- **What you should do**
Starting with the first line of the listing, quote each line exactly until and including the one with "Midden in een", leaving pictures out.

- **Source data**

########################################

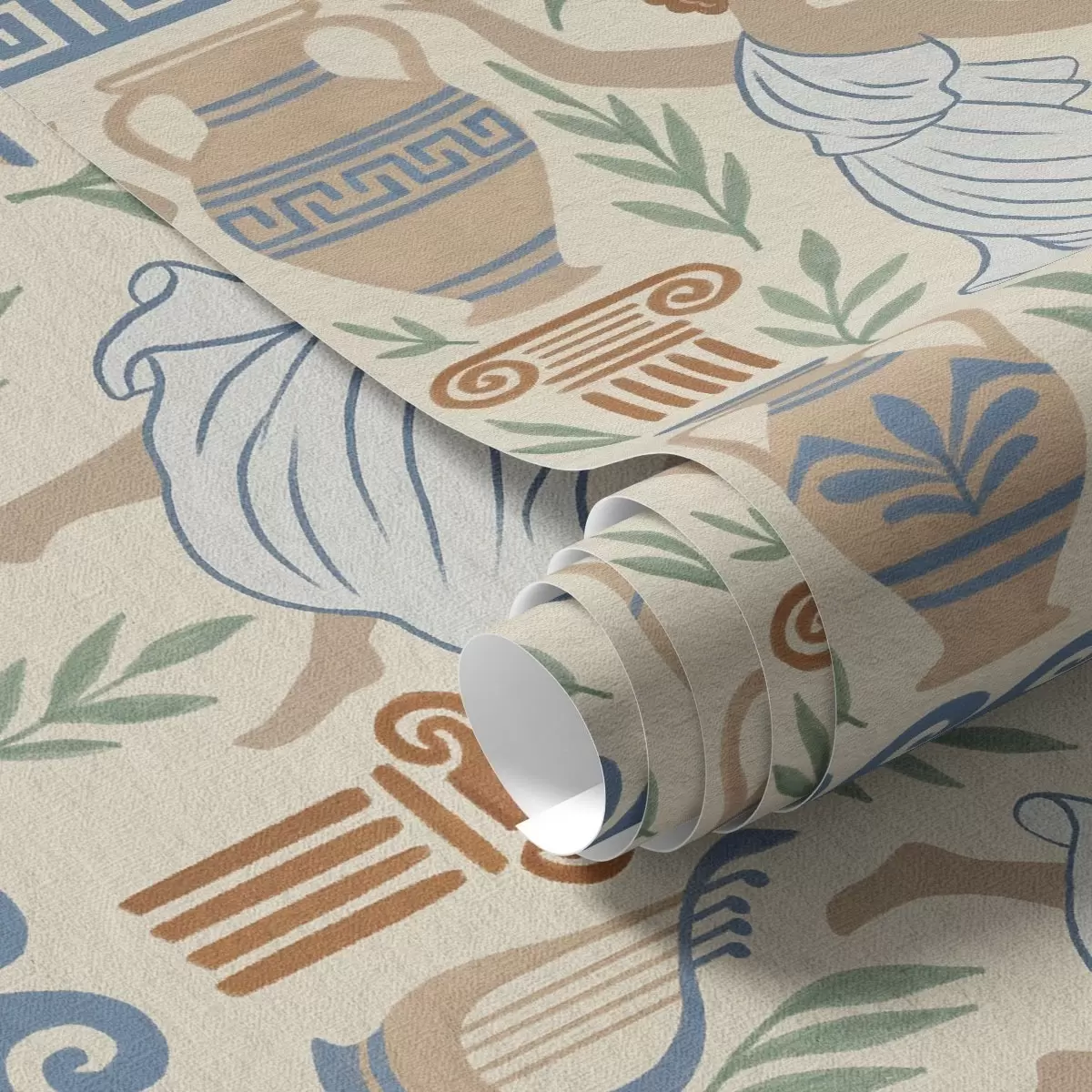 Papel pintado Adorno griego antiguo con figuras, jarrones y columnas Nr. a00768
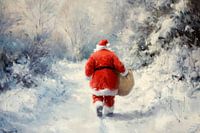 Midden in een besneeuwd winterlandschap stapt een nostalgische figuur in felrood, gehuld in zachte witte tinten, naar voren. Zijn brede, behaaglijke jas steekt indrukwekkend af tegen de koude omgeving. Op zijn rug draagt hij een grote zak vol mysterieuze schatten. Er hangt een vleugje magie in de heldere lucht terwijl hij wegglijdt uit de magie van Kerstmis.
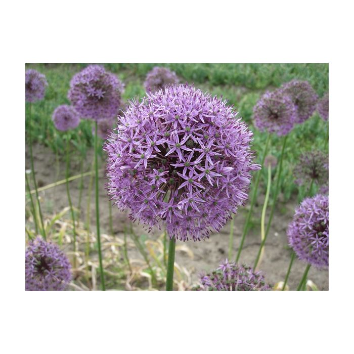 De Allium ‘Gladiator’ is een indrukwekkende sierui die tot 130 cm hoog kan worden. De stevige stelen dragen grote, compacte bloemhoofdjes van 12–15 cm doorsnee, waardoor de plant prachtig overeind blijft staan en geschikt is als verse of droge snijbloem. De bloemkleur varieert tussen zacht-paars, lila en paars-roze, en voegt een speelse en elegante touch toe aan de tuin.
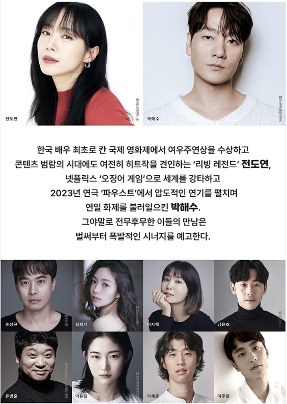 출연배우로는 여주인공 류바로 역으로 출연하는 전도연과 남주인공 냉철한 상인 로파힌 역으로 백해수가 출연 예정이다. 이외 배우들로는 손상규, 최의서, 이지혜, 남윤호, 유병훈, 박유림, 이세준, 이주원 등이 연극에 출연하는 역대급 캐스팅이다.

########################################

- **Solution for this task**
 Papel pintado Adorno griego antiguo con figuras, jarrones y columnas Nr. a00768
 Midden in een besneeuwd winterlandschap stapt een nostalgische figuur in felrood, gehuld in zachte witte tinten, naar voren. Zijn brede, behaaglijke jas steekt indrukwekkend af tegen de koude omgeving. Op zijn rug draagt hij een grote zak vol mysterieuze schatten. Er hangt een vleugje magie in de heldere lucht terwijl hij wegglijdt uit de magie van Kerstmis.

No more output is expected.